Biman operation suffers as hacked email server not yet restored

Despite the malware attack, which took down a key server, Biman did not need to suspend flight operations

11 April, 2023, 12:15 pm

Last modified: 11 April, 2023, 12:26 pm

File Photo. Picture: Collected


File Photo. Picture: Collected

Biman Bangladesh Airlines has been facing difficulties in its internal communication, with the national carrier struggling to restore its email server even three weeks after a ransomware cyber-attack on 18 March.  

With no data access, Biman management has been collecting information from its employees. Last week, the national carrier asked all its pilots to send their flying hours, availed days off and leaves, said a senior executive of the carrier.

“Internal communication is in a mess now. We do not have access to our office email yet and we are facing trouble communicating with foreign stations,” said another official, wishing anonymity.

“In March, Biman disbursed salaries to its employees based on the previous month’s receipt as there was no record of salaries after the cyber attack,” said the official.

However, flight operations have not been affected as the Biman authorities have been maintaining communication with their pilots through personal emails and WhatsApp, according to officials. 

Meanwhile, ticket sales for international flights dropped nearly 20% in March, which is also blamed partially on the server staying down, given that Biman does not have any previous ticket selling record.

Speaking on the issue, Md Mahbub Ali, State Minister of Civil Aviation and Tourism, said, “We had a meeting with the board of Biman last week on the overall situation of their IT system.”

He claimed that the cyber attack could not do much damage as the server had been isolated immediately.

“The ICT ministry is working on restoring the server,” the minister said, adding that not only Biman but some foreign airlines also experienced such attacks in recent times.

Earlier on 18 March, Biman’s server was subjected to a cyber attack. The company issued a press release over the incident on 23 March, releasing the information that some computers of the company had come under malware attack and that the suspected servers were immediately isolated.

The press release added that the national carrier introduced an alternate cloud service to run its regular operational activities.

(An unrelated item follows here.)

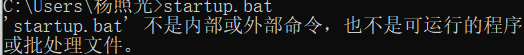 - 在 DOS窗口,输入:startup.bat 启动Tomcat。如果出现以下文字。说明我们还没有配置Tomcat的环境变量。需要将Tomcat 下的 bin 目录配置到系统变量中

In February, the German flag carrier Lufthansa came under a cyber attack, causing its IT system to go down, disrupting flight operations. It left thousands of passengers stranded at Frankfurt airport.

A day after the Lufthansa incident, the websites of at least three airports in Germany – Dusseldorf, Nuremberg and Dortmund – went offline, which was blamed on hacking as well, according to global media reports.

A report by the International Federation of Airworthiness (IFA) titled ‘Airlines under attack: Faced with a rising tide of cybercrime, is our industry resilient enough to cope?’ found that there were 62 ransomware cyber-attacks on global aviation stakeholders in 2020 alone, equal to a once-a-week attack, and in 2021 new records were set with $50 million in demands made.

According to the report, aviation faces a ransomware attack every week (i.e. where an attacker gains control over all or part of an organisation’s computer system and refuses to give the system back until a ransom has been paid).

These attacks present serious threats to business continuity and often have severe financial impacts even before factoring in any ransoms paid, the cost of buybacks of data, or the costs required to take back control of internal systems. The price of ransomware mitigation measures alone is expected to cost global companies over €20 billion a year.

Though Biman Bangladesh Airlines came under attack, it did not need to suspend flight operations or delay flights, according to Biman officials.

Biman authorities did not disclose if any classified information on passengers was leaked after the cyber attack as an investigation on the incident is still going on.

According to the IFA report, there are a growing number of state-sponsored or highly organised crime syndicates capable of conducting large-scale targeted intrusions to disrupt operations and steal valuable intellectual property as well as extort money.

Airlines are an irresistible target for cybercriminals, with an estimated €1 billion lost from fraudulent websites each year.

The report also identifies the “Big 3” attacks used to target airlines, namely, fake websites, data theft and phishing.